Merin, tüm soruları River huzurlu hissedinceye dek yanıtladıktan sonra sabırsızca sarılmıştı kardeşinin omuzlarına. "Şimdiye dek söylemediğim için özür dilerim. Sadece, zorlandığımı düşünüp endişelenmeni istemedim."
River da ellerini kardeşinin omuzlarına sardıktan sonra sessizce mırıldandı ikisi de dağınık odanın ortasında dikilirken. "Bir daha, asla ama asla bana yalan söyleme. Ne olursa olsun, tamam mı Merin? Biz bir aileyiz ve aileysek birbirimize yalan söylemememiz gerekir. Çocuklara bunu sen öğretmiyor musun?"

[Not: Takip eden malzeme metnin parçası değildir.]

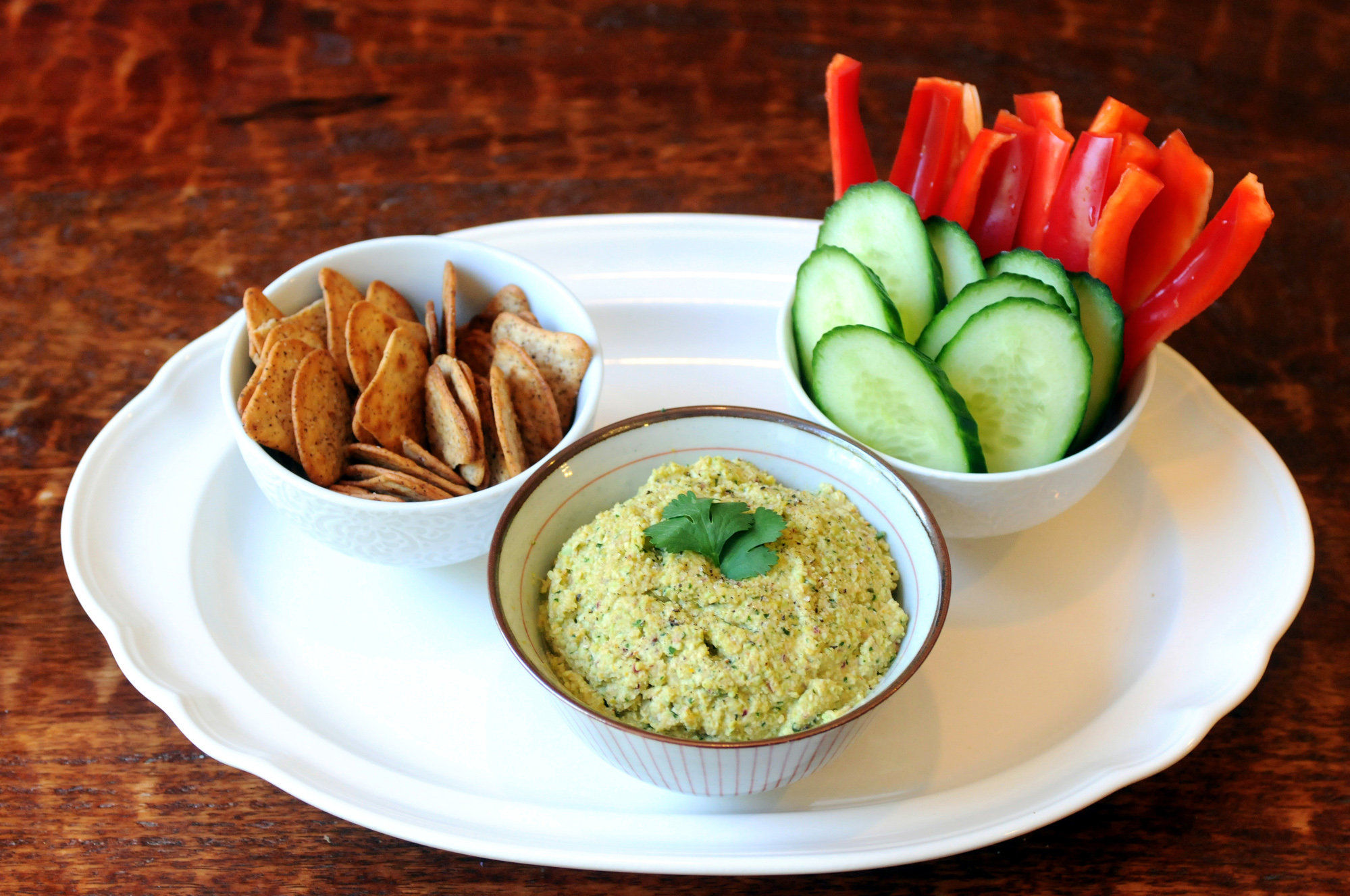 • Rice crackers, chips or cucumber and celery sticks, for serving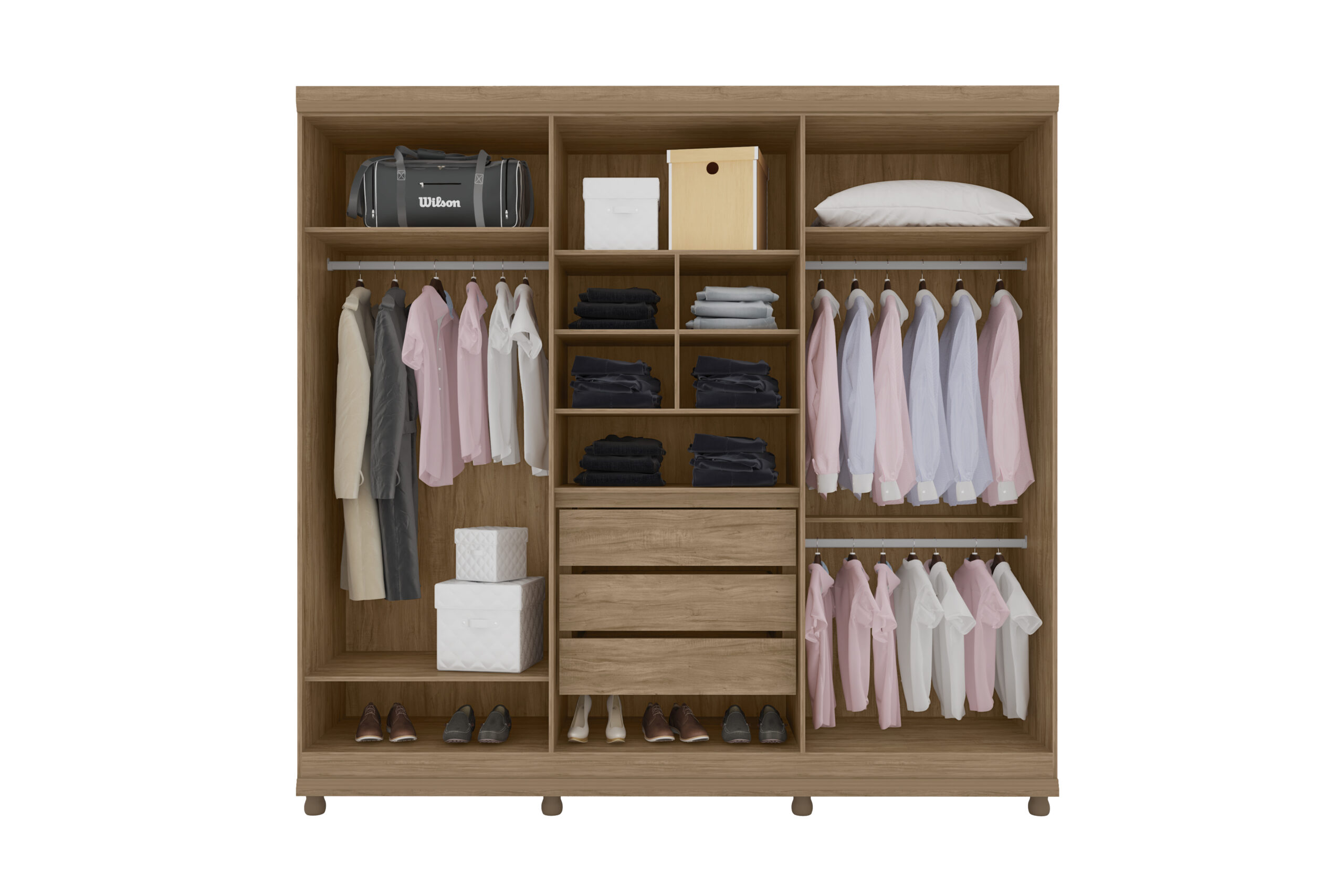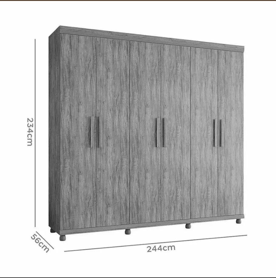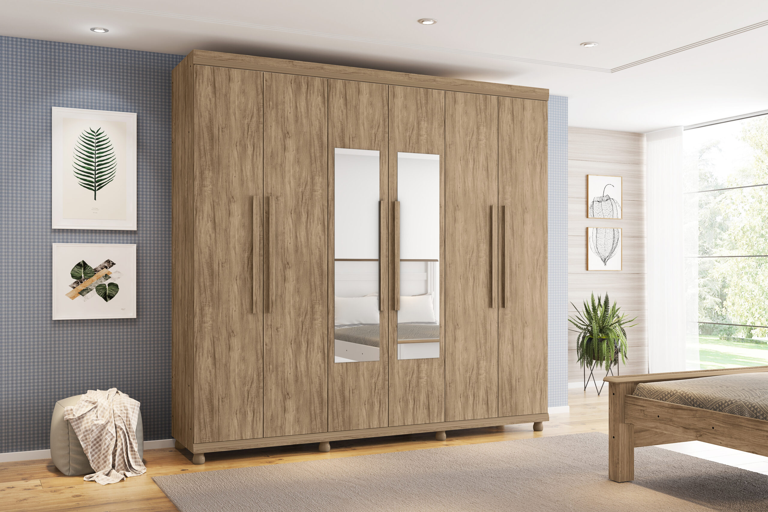 Acabamento: Em pintura uv Cor Predominante: Noce Bronze Cores Secundárias: Não possui Quantidade de Portas: 6 Tipo de Porta: De bater Quantidade de Gavetas: 3 gavetas internas Corrediça: Telescópica Cabideiro: Metálico Kit Espelho opcional. |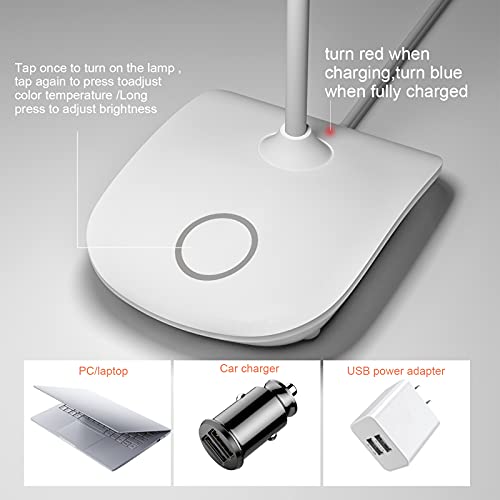 Specification: DEEPLITE Battery Operated Desk Lamp, LED Desk Light 3 Lighting Modes Stepless Dimming, Table Lamp 5W Touch Control Eye Caring, Flexible Gooseneck, Portable Reading Light for Dorm Study Office Bedroom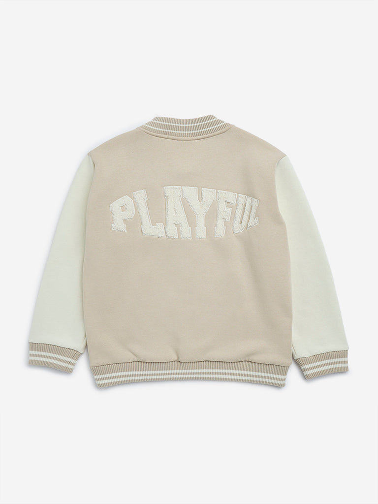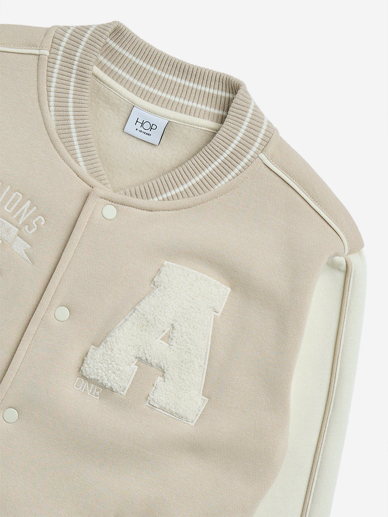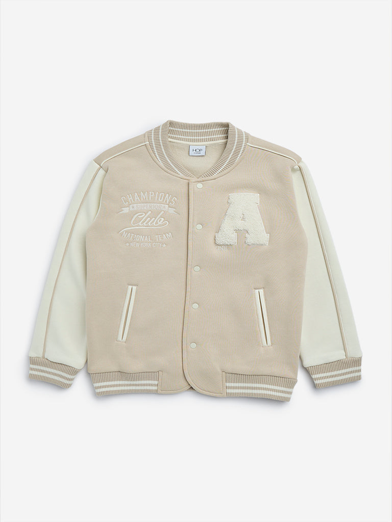 HOP Kids Beige Text Design Cotton-Blend Varsity Jacket
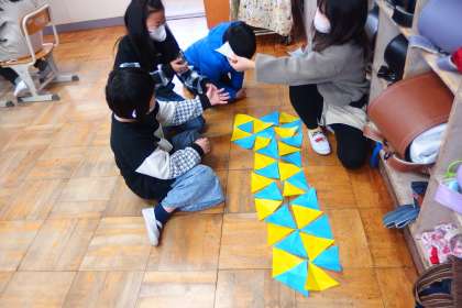 1月16日の東広瀬小学校(28) 公開日 2023/01/16 更新日 2023/01/16 活動の様子 3年生の算数の授業です。 折り紙で一人2枚ずつ正三角形を作っています。 その正三角形を互いに持ち寄って新しい図形を組み合わせて作る、協働的な学びの場面につなげていきます。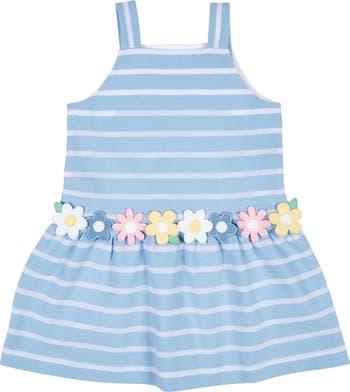 Bright and breezy, this dress is crafted from light blue and white yarn-dyed stripe piqué knit in soft, breathable 100% cotton—perfect for warm-weather days. Multicolor pastel flowers bloom across the front waist, adding cheerful color and a sweet, summery touch. Adjustable shoulder straps with back buttons ensure a comfortable, flexible fit, while the drop waist silhouette and softly shirred skirt create easy movement. Falling above the knee, it’s ideal for sunny vacations, spring outings, and picture-perfect moments in the sunshine.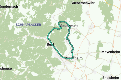 Een "klassieke" route rond Guebwiller via de Bannsteinpas en Soultzmatt en terug via de wijngaardenfietsroute.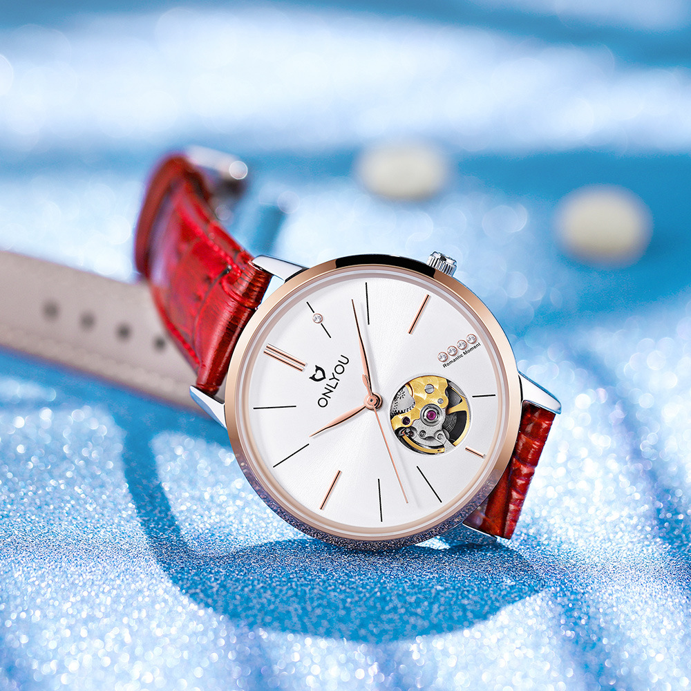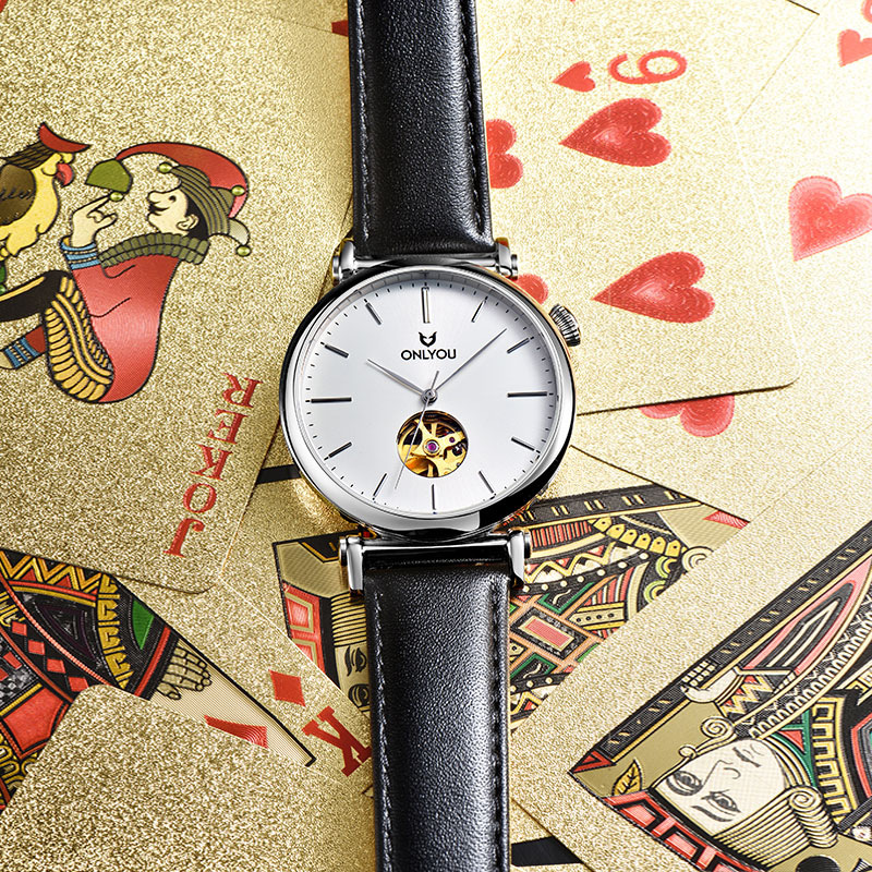 オリニの腕時計の女性の全自動機械の男性の時計の薄い金の透かし彫りのファッションのベルトのカップルの腕時計の女性
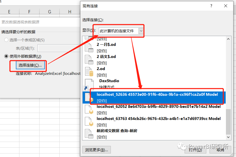 第十步:点击外部连接,选择此计算机的连接文件,下拉下拉框,找到刚刚复制的端口号对应的数据库文件,点击打开,如图:

River'ın ona söylediği bu son cümle, tüm netliğiyle kulağının ve beyninin en derinliklerinde bir kez daha yankılandığında Merin gözlerini o sesi susturmak istercesine sıkıca yumdu, kendi kendine. Masada oturanlar, o sırada kendi aralarındaki sohbete devam ederken Merin kafasının dağılması adına soğumak üzere olan elma ve tarçınlı çayından yudumladı. "Kaç yanlışın var?"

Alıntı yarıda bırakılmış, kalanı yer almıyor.